The film wears off naturally and must be re-applied as directed to be effective
Indications
- nail dystrophy
For management of the signs and symptoms of nail dystrophy, i.e., nail splitting and nail fragility, for intact or damaged nails
Mechanism of Action
Poly-ureaurethane is a biocompatible, polymeric solution that forms a waterproof barrier when applied to the nail. This barrier prevents direct abrasion and friction on the nail surface and protects against the effects of moisture.
Pharmacokinetics
Poly-ureaurethane is applied topically to the fingernail; clinically significant systemic absorption is not expected.

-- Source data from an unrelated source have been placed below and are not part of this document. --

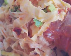 熟豆皮用热水烫1分钟,反复洗几次(豆皮本身就含有盐分,多洗几次,洗去本身的咸味)。再加入适量的辣椒油、糖,黄瓜丝和香菜段,拌一拌。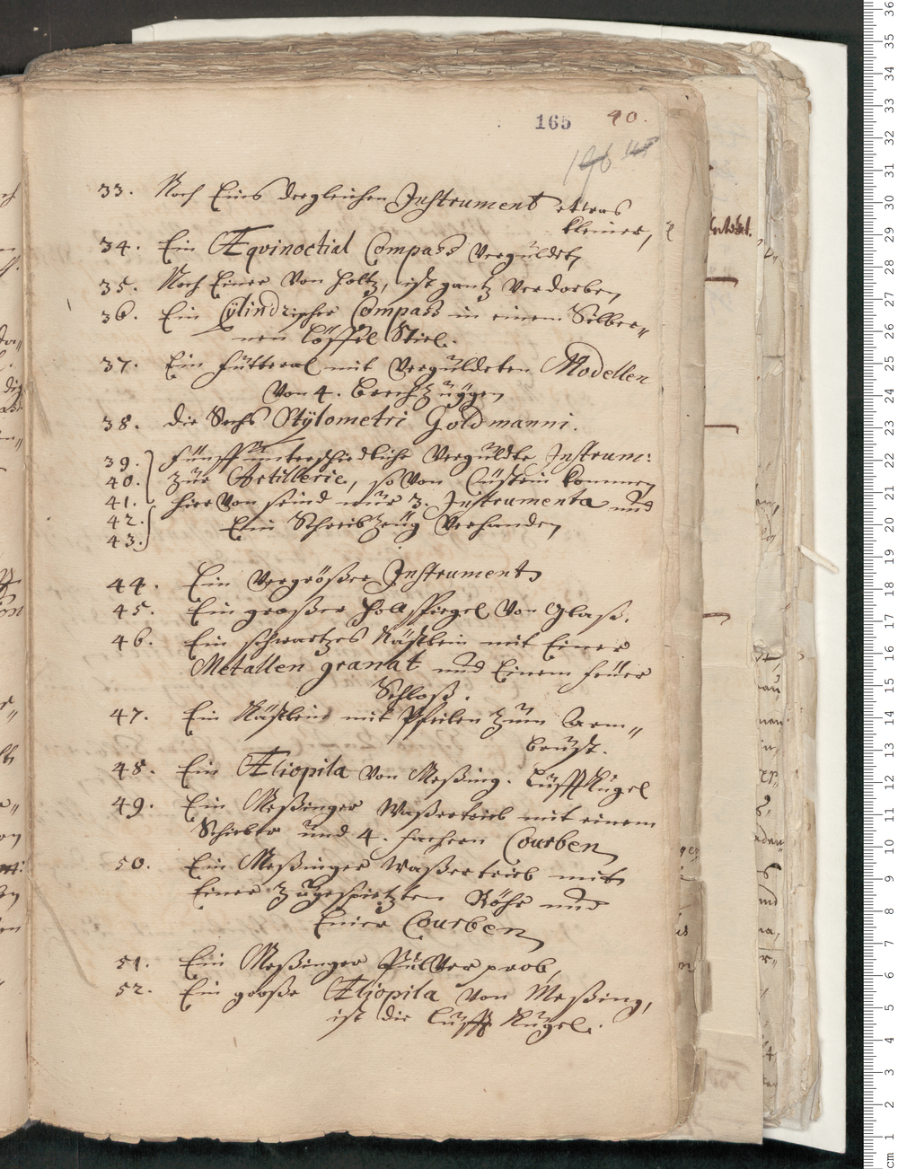 39. 40. 41. 42. 43. Fünff unterschiedliche verguldte Instrum:/ zur Artillerie, so von Cüstrin kommen/ hier von seind nur 3. Instrumenta und/ Ein Schreibzeüg vorhanden/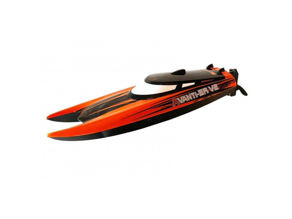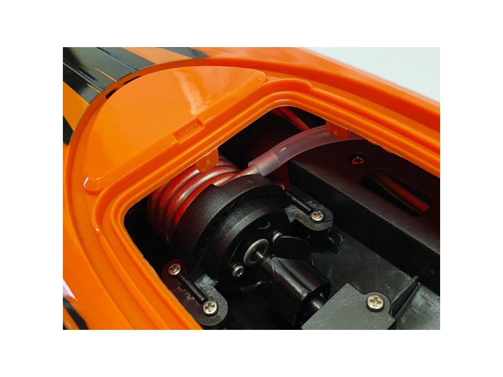 Motor a regulátor tohoto modelu je vysokovýkonný a chlazený vodou. Model je zapouzdřený a je chráněný proti stříkající vodě, či potopení. Pokud se model při jízdě otočí dnem vzhůru, stačí jen prudce přidat plyn, model se vrátí zpět a vy můžete pokračovat v jízdě. Model je navržen pro jízdu ve vysoké rychlosti a umožnuje opravdu skvělé manévrovací schopnosti. Maximální rychlost lze omezit na 50% pro děti. 44 cm dlouhý člun je propracován do nejmenších detailů a je ideální pro malé vodní nádrže, řeky a jezera. Lze velmi jednoduše ovládat z vysílače, který poskytuje komfort a maximální rychlost reakce, nezarušitelný přenos signálu 2,4GHz. Extrémně silný vodou chlazený střídavý motor, silný akumulátor a funkce automatického otočení zpět při převrácení jsou velké výhody tohoto modelu. Zatáčení je ovládáno kormidlem se samostatným servem a proto model v zatáčkách neztrácí rychlost. Plně proporcionální (plynulé) ovládání jízdy a zatáčení! Model má i DEMO režim, kdy po stisku tlačítka sám provede 2x "8".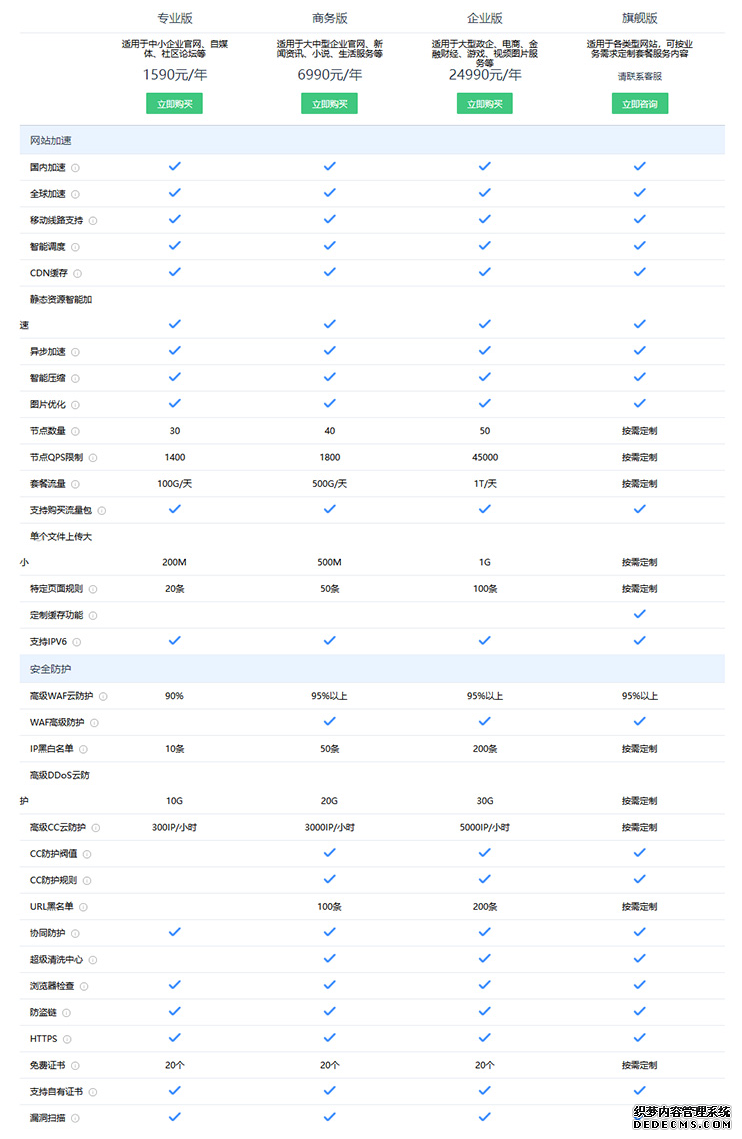 | 企業版 | 電商、金融、企業站 | 50個 | 1T/天 | 30W QPS | 30G | 100條/天 | 7 x 24專屬客服 | 99.9% | 24990/年 |

What are the side effects of Poly ureaurethane
- erythema
- skin irritation
Poly-ureaurethane may cause stinging upon application. Instruct patients to discontinue use and consult a healthcare provider if redness/erythema or other signs of skin irritation occur.
Monitoring Parameters
- laboratory monitoring not necessary
Contraindications
- bleeding
- breast-feeding
- pregnancy
Patients with isocyanate hypersensitivity should not use poly-ureaurethane.
Interactions
There are no drug interactions associated with Poly-ureaurethane products.
Pregnancy
Information regarding the use of poly-ureaurethane during pregnancy is not provided by the manufacturer. However, because the solution is applied topically to the nail, clinically significant systemic absorption would not be expected.
Lactation
Information regarding the use of poly-ureaurethane during breast-feeding is not provided by the manufacturer. However, because the solution is applied topically to the nail, clinically significant systemic absorption would not be expected. Consider the benefits of breast-feeding, the risk of potential infant drug exposure, and the risk of an untreated or inadequately treated condition. If a breast-feeding infant experiences an adverse effect related to a maternally ingested drug, healthcare providers are encouraged to report the adverse effect to the FDA.